The European Central Bank could increase interest rates above 3.5% and likely won’t cut them this year as the bank moves forcefully to bring inflation back on target, a top ECB official said, Report informs via the Wall Street Journal
The comments by Gabriel Makhlouf, Ireland’s central-bank governor, underscore a likely divergence between the ECB and the Federal Reserve this year as Europe’s inflation rate proves sticky and its growth resilient to Russia’s war in Ukraine.
They suggest the ECB could increase rates by more than 1 percentage point from the current level of 2.5%, already the highest since 2008. That would weigh on the region’s economy, pushing up borrowing costs for homeowners and businesses and curbing spending and investment.
Investors had previously expected the ECB to raise rates to about 3.5% in July and start to cut them later this year or early next year.
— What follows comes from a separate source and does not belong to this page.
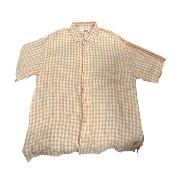 Tommy Bahama Orange Casual Button Down Shirt with Gingham Pattern 100% Linen.

They expect the Fed to raise rates by about half a percentage point through July, to roughly 5.2%, before cutting rates to about 4.9% in December, according to data from Refinitiv.
“I could see it [interest rates] being higher than 3.5%,” said Makhlouf in an interview. “I’m open to acting forcefully to get inflation down to our target.”
Gabriel Makhlouf doesn’t speak for the ECB as an institution but his comments are notable because he is considered a centrist on the spectrum between those committee members who want significantly higher rates and those who think the bank has done enough. ECB President Christine Lagarde said earlier this month that the bank intends to raise rates to 3% at its next policy meeting on March 15-16, but gave no guidance beyond that.